Dann kaufst du dir diese Sachen noch dazu:








						Alphacool NexXxos ST30 Full Copper 360mm vorbefüllt AIO Edition
					

Erweitere deine Alphacool CPU oder GPU AIO mit den vorbefüllten Alphacool Radiatoren. Einbauen, Schnellverschlüsse mit der entsprechenden AIO verbinden und sich an einer höheren Kühlleistung erfreuen. So einfach kann es sein.     NexXxoS...




					www.aquatuning.de
				



(+ Lüfter bezüglich dem Radiator.)








						Alphacool Eisbaer TPV Extension Set (Schlauch und Anschlüsse)
					

Das Alphacool Eisbaer TPV Extension Set ist die einfachste Möglichkeit die erweiterbaren AIO Systeme von Alphacool mit weiteren Komponenten zu verbinden. Das Extension Set ist kompatibel zu allen Alphacool AIO Systemen für Prozessoren...




					www.aquatuning.de
				




Die Schläuche kommen an die Grafikkarte dran und dann wird über die Schnellkupplung mit einer Spritze die Grafikkarte samt Schläuche aufgefüllt. Das geht einfach, weil in der Kupplung ein Ventil ist, was mit der Spritze reingedrückt werden kann. So wird die Grafikkarte vor dem Einbau bereits vorbefüllt. Der Radiator kommt bereits vorbefüllt an. Zum befüllen reicht normales destilliertes Wasser aus.
(Es kann auch ein Fertiggemisch befüllt werden, aber in diesem Fall dann Alphacool fragen, was sie selbst befüllt haben!)

So ist dann die CPU mit der AIO gekühlt und die Grafikkarte kann einfach mit eingebunden werden. Da Prozessor und Grafikkarte zu viel mit nur einem Radiator wären, sollte noch ein zweiter Radiator mit angebunden werden. Sollte eine Grafikkarte kein Wasserkühler haben, gibt es auch Kühler (kommt auf die Grafikkarte mit an) zum nachträglichem Umbauen.

Anmerkung: Die AIO kommt mit einer Schnellkupplung daher.

Bedeutet, ein Ventil an jedem Ende verschließt den Schlauch, wird diese Schnellkupplung getrennt. Dann wird an einem Ende ein Schlauch der Grafikkarte an die Schnellkupplung geschraubt, das andere Schlauch der Grafikkarte an einer Schnellkupplung eines Schlauches des Radiators und das andere Schlauch vom Radiator an die Schnellkupplung der AIO. So wird wieder ein geschlossenes System geschaffen.

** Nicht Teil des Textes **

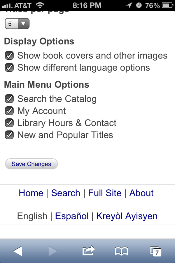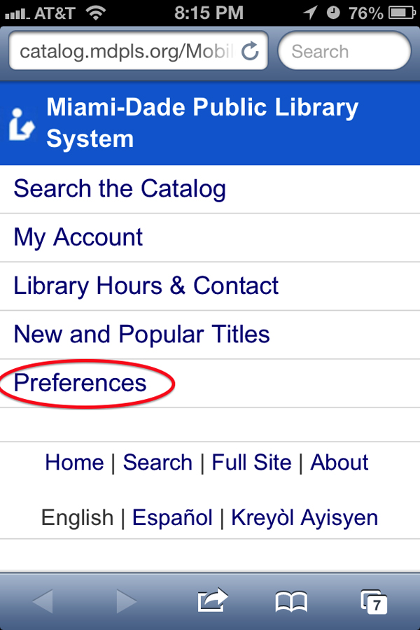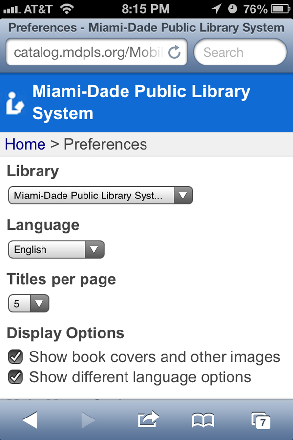 Miami Dade Public Library’s mobile website [http://catalog.mdpls.org/mobile] allows a patron to set preferences. |
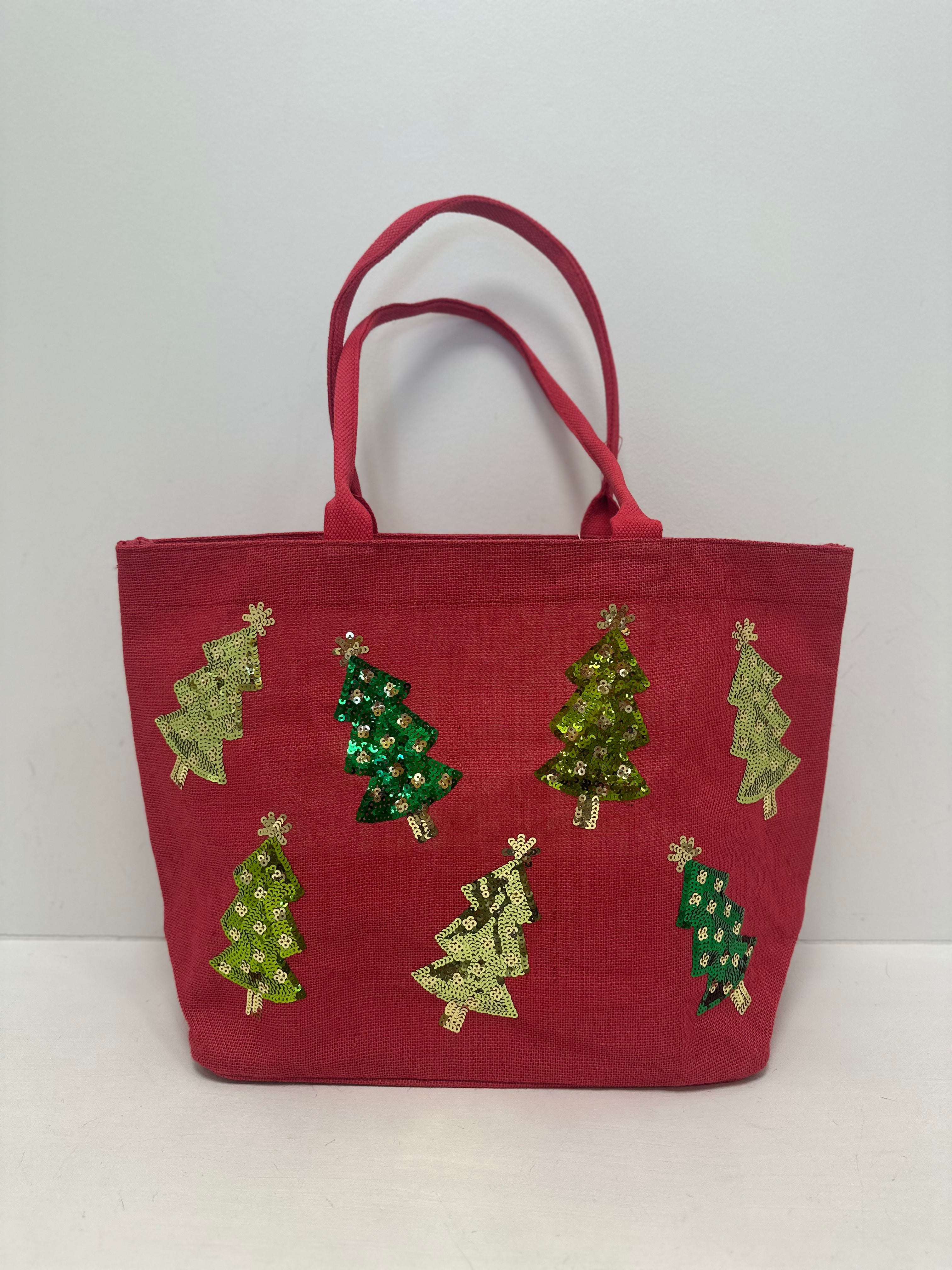 Sequin jute tote features cotton webbing handles and laminated wipe-clean interior. Read more

Meine verlinkten Produkte haben alle am Ende der Schläuche (Fermale + Male) Schnellkupplungen vormontiert.


----------



## HardlineAMD (15. September 2021)

Und anfangs dran denken, die komischen Geräusche der Pumpe gehen nach einiger Zeit weg. Das System muss sich erst "einlaufen". Ansonsten ist der Wurm drin. 
Ich würde ja die Arctic holen, allein schon wegen der Montage. Und ich hab den kleinen 240er.


----------



## IICARUS (15. September 2021)

Wir haben mal eine Cooler Master AIO (68 Euro) mit sogar einem 240er Radiator an einem 3900X betrieben und die reichte auch schon gut aus. Diese AIO hat sogar unter den Garantiesiegel am Radiator und Kühler eine kleine Schraube gehabt, um destilliertes Wasser auffüllen zu können. Auch diese AIO machte leichte Geräusche nach dem ersten einschalten. Wird daran liegen, dass mit der Lieferung sich etwas Luft im Kühler bei der Pumpe befinden kann. Die Pumpe war auch recht leise und die AIO sehr günstig.

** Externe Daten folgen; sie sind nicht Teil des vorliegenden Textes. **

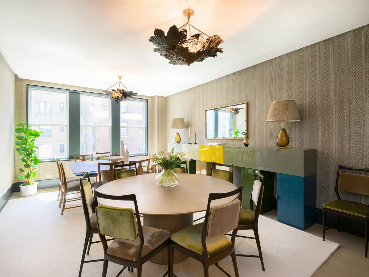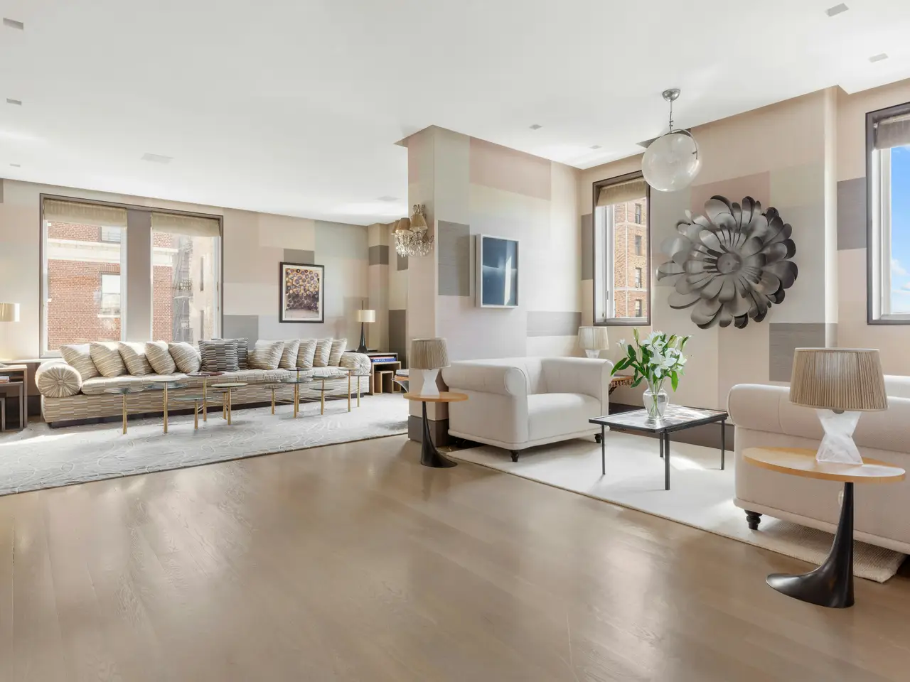 ICONIC WEST END AVE AD100 DESIGNER DUPLEX An extraordinary offering of an AD100 designer, high-floor duplex boasting approximately 4,300 SF of brilliantly designed interior space in a handsome, full-service prewar cooperative on beautiful West End Avenue. Realized through an extensive and meticulous renovation, Residence 9/10C is an exceptional representation of prewar scale and contemporary architecture perfected by renowned designer Muriel Brandolini. This residence consists of a 10th floor entertaining level with a massive entertaining living room, a grand formal dining room, a stylish library with wet bar, a sprawling double-windowed eat-in kitchen and a windowed powder room. Plus, a 9th floor bedroom level with a large south-facing den/media room, five bedrooms, three bathrooms and a dedicated laundry room. The entire home is powered by a Crestron system, and there is central air conditioning throughout as well as built-in sound. The living room stretches approximately 40 feet across with 7 windows in three directions overlooking neighborhood brownstones, the Hudson River and the foliage of Riverside Park. The room was thoughtfully designed, at present offering three distinct seating areas for cozy daily lounging and/or grand entertaining. Adjacent, the south-facing library is a divine medley of shape, texture and function with custom geometric built-in bookcases for both display and savvy storage, supplementing a large customized walk-in china closet. The library and living room are divided by a beautifully appointed wet bar with an integrated subcounter wine refrigerator. The south wing is completed by a large formal dining room, perfect for hosting even the most elaborate of dinner parties. Facing north on this floor is a double-windowed eat-in kitchen, a chef's paradise and the perfect setting for casual meals and intimate gatherings. The kitchen includes Bianca Dolomiti marble countertops and floor-to-ceiling cabinetry. There is a double sink with water filtration and a Wolf stainless steel 6-burner gas range with a grill, a double oven and a professional grade vented hood. The remaining appliances have all been integrated into the cabinetry, including two Subzero refrigerators with four freezer drawers and two full-size Miele dishwashers. There are three Subzero wine refrigerators in the kitchen, bringing total storage capacity to approximately 400 bottles. A stunning custom staircase leads to the 9th floor bedroom level, also directly accessible via the building's 9th floor landing. The massive corner primary suite showcases vistas of the Hudson River from its bedroom and its double-windowed bath. The five-fixture primary bathroom is clad in book-matched Bianco Calacatta marble slab to the ceiling with a large bronze-mounted floating Emerald Onyx double vanity. There is a glass-enclosed rain shower with vistas of the river as well as a deep Zuma Jacuzzi tub. The dressing room is outfitted for even the most extensive of wardrobes. There are four additional bedrooms, each with designer finishes and customized closets. The bathrooms servicing the ancillary bedrooms are finished in Bianco Calacatta marble and cleverly share a large central shower which can easily be divided into two fully separated full bathrooms if preferred. The lower level is rounded out by a large den with a Dolby sound system, a giant cedar walk-in closet and a large windowed laundry room with an industrial-size vented washer/dryer which can be converted to another bathroom if desired. Built in 1910, 465 West End Avenue is a distinguished full-service prewar cooperative designed in the Italian Renaissance style. There is a 24-hour doorman as well as a live-in resident manager. The building has a gym, private storage and bicycle storage. Located on a prime stretch of West End Avenue, Riverside Park is one block away as are the many fine entertainment and lifestyle amenities of the Upper West Side. Pets are welcome, and financing is up to 80%.
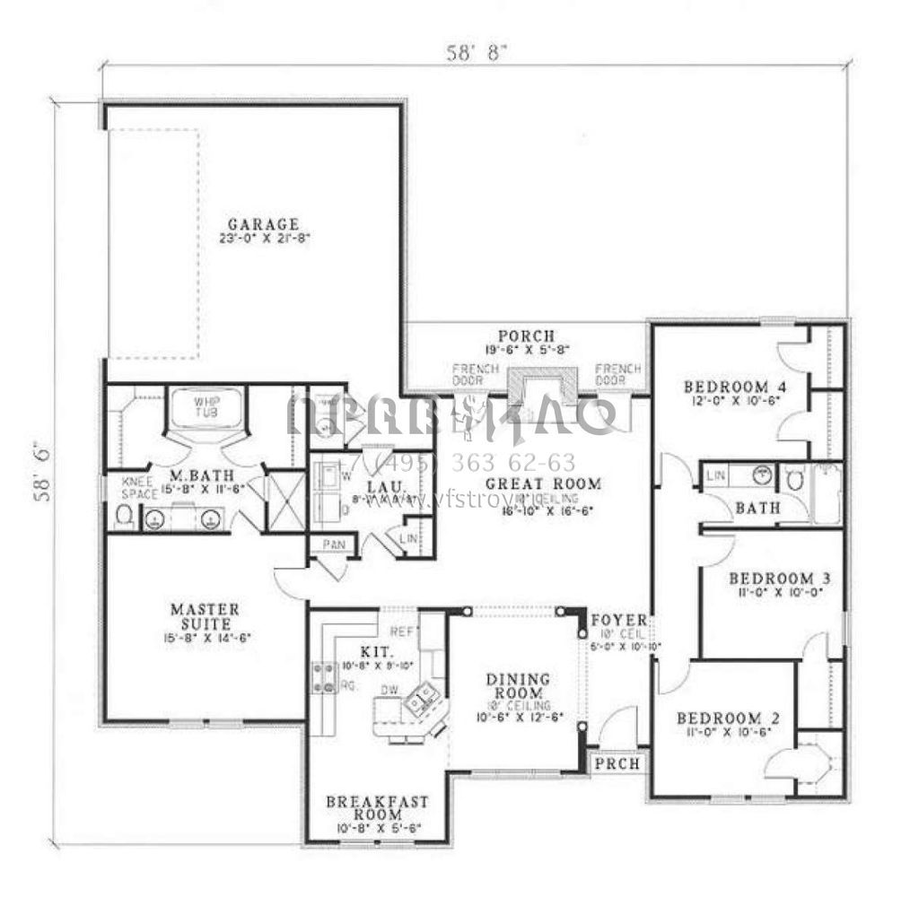 Проект одноэтажного дома с гаражом на две машины в стиле Ранчо S5-172 (110-00261)

Etwas Luft wird immer in einer AIO sein, was auch gut ist, da sich Wasser mit Wärme ausdehnt und eine AIO kein Ausgleichsbehälter hat.
Restlos bekommt man die Luft ehe nie raus.


----------



## pedi (15. September 2021)

montier dir einen noctualuftkühler und vergiss dieses ganze gepantsche für die nächsten jahre.


----------



## valandil (21. September 2021)

Ich hab den Freezer 2 240 im Einsatz, läuft wunderbar.

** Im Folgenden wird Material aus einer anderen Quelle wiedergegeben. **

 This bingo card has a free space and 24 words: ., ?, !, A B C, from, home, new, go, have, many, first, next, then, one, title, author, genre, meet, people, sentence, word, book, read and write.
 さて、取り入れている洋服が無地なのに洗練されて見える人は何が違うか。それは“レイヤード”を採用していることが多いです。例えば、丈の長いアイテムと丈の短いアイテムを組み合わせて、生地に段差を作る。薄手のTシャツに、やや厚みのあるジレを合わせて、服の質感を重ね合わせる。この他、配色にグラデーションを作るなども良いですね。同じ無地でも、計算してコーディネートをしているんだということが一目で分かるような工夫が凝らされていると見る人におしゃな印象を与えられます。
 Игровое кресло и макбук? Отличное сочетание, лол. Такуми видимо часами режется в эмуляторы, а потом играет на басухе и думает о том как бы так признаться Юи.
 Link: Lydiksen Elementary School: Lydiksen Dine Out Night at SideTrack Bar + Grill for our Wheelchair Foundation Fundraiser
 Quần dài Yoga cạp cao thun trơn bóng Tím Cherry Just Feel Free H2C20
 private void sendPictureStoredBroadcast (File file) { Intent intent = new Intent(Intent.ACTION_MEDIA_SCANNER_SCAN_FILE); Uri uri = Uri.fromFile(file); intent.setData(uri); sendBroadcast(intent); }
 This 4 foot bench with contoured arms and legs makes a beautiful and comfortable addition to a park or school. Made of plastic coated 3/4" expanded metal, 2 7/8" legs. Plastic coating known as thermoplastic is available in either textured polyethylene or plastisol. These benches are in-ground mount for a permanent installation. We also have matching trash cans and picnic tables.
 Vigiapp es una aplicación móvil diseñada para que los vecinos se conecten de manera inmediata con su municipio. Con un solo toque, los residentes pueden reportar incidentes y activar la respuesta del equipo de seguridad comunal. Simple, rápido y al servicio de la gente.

Unhörbare Pumpe, die Lüfter sind auch Top. RGB war mir nicht wichtig und der kleine VRM Lüfter ist ebenfalls nicht hörbar, dürfte aber die Wandler auf Dauer ein wenig schonen. 
Egal ob längere Render Sessions oder CPU lastige Spiele, bisher keine Auffälligkeiten und gute Temperaturen. 

Bis das Kupfer-Alu Thema ein Problem wird stirbt vermutlich vorher die Pumpe, von daher würde ich das nicht als Hauptkriterium sehen.


----------



## Spezialbeauftragter (21. September 2021)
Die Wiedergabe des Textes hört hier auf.